(Records from a data collection)
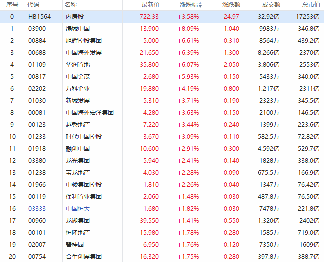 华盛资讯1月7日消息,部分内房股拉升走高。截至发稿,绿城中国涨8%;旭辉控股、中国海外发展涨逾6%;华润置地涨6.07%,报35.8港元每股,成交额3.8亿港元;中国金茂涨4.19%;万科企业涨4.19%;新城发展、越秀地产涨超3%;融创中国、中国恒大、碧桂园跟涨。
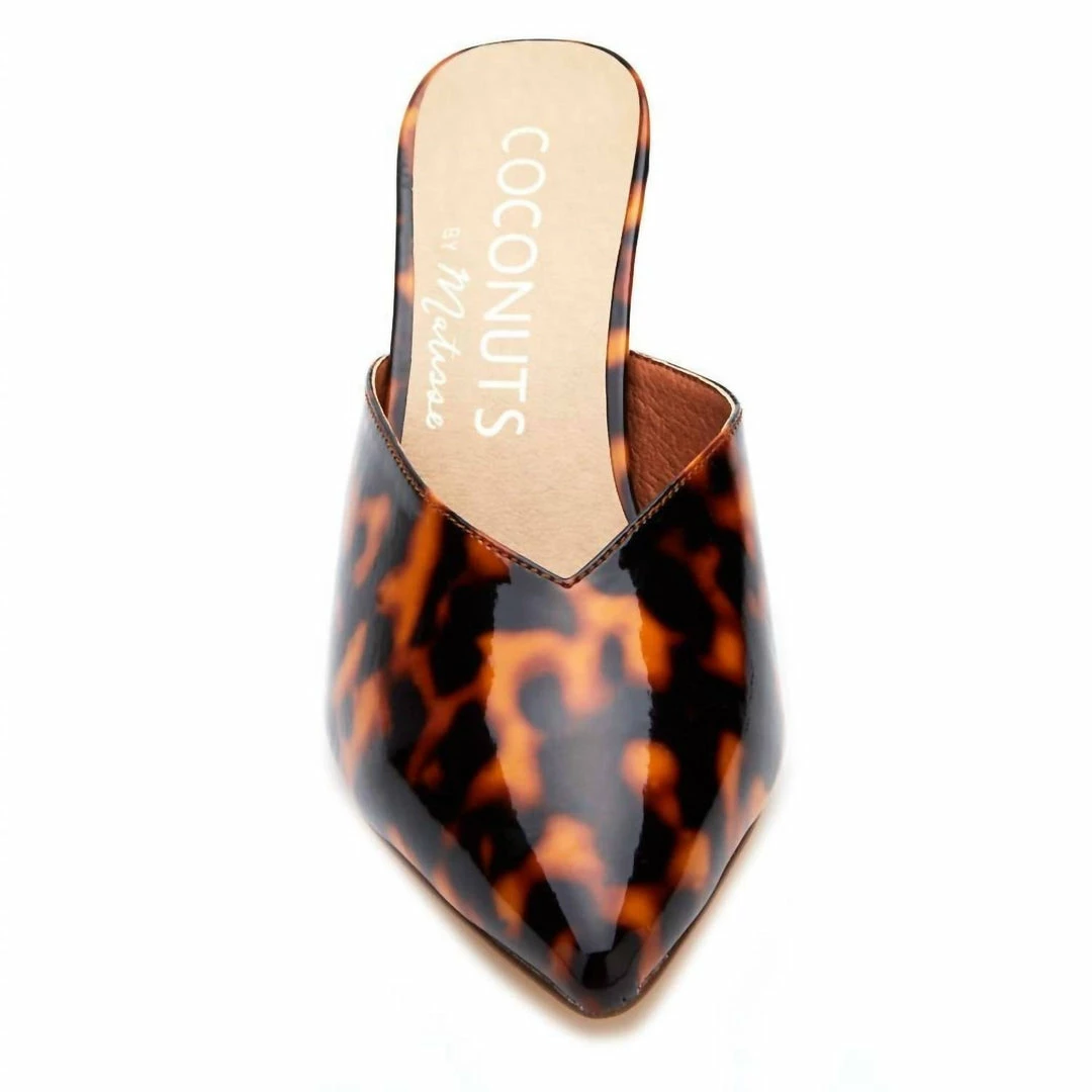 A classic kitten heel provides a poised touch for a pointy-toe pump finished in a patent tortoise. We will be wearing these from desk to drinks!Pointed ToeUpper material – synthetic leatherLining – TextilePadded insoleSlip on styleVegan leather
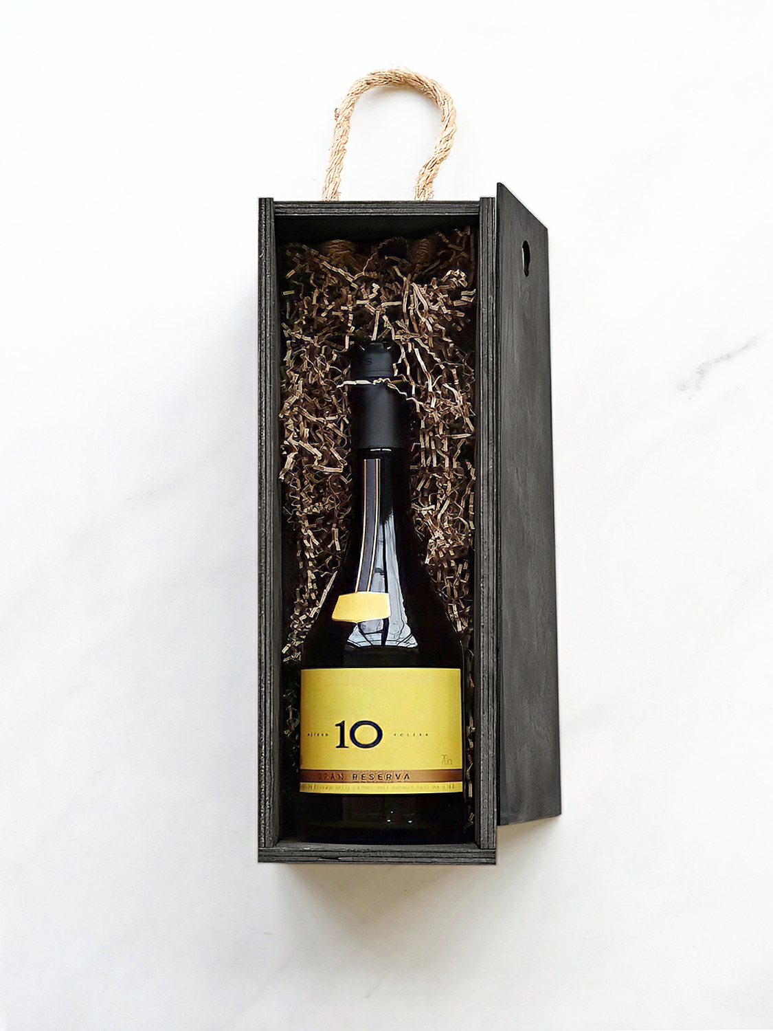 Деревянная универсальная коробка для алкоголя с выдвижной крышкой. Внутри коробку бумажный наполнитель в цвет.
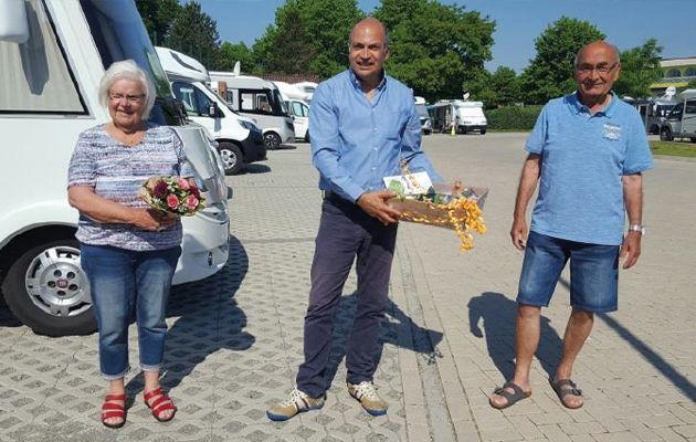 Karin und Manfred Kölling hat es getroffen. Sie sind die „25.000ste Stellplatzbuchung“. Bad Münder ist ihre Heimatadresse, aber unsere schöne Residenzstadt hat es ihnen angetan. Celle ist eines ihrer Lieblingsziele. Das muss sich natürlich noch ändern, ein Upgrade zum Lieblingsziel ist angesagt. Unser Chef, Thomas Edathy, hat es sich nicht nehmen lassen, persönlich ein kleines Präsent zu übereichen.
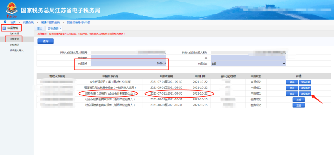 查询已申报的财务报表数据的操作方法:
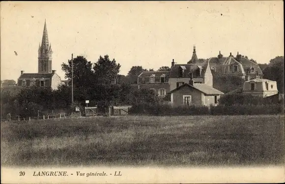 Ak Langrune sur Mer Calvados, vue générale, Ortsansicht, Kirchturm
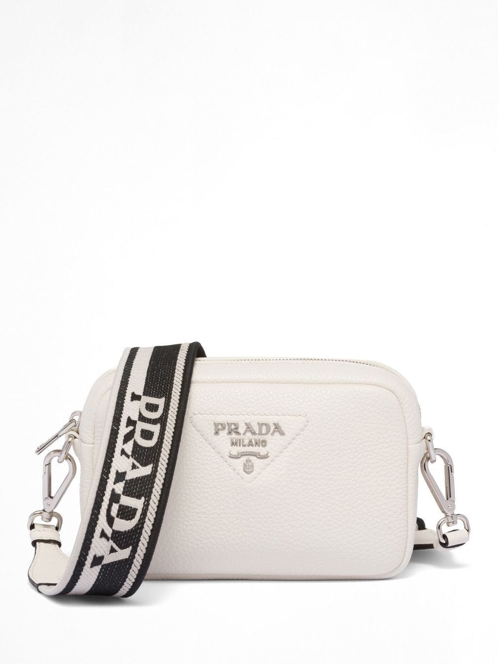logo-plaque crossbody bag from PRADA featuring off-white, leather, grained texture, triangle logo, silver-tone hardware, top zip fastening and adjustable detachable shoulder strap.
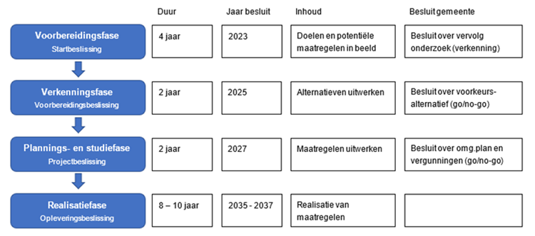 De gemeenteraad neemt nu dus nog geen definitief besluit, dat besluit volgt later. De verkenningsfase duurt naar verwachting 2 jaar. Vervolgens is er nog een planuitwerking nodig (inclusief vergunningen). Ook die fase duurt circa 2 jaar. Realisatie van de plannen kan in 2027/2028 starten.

Assignment.
Given the entries above, transcribe exactly the lines from the one holding "A classic kitten" through the one holding "Деревянная универсальная коробка"; pictures do not belong in the transcription.

Written answer.
 A classic kitten heel provides a poised touch for a pointy-toe pump finished in a patent tortoise. We will be wearing these from desk to drinks!Pointed ToeUpper material – synthetic leatherLining – TextilePadded insoleSlip on styleVegan leather
 Деревянная универсальная коробка для алкоголя с выдвижной крышкой. Внутри коробку бумажный наполнитель в цвет.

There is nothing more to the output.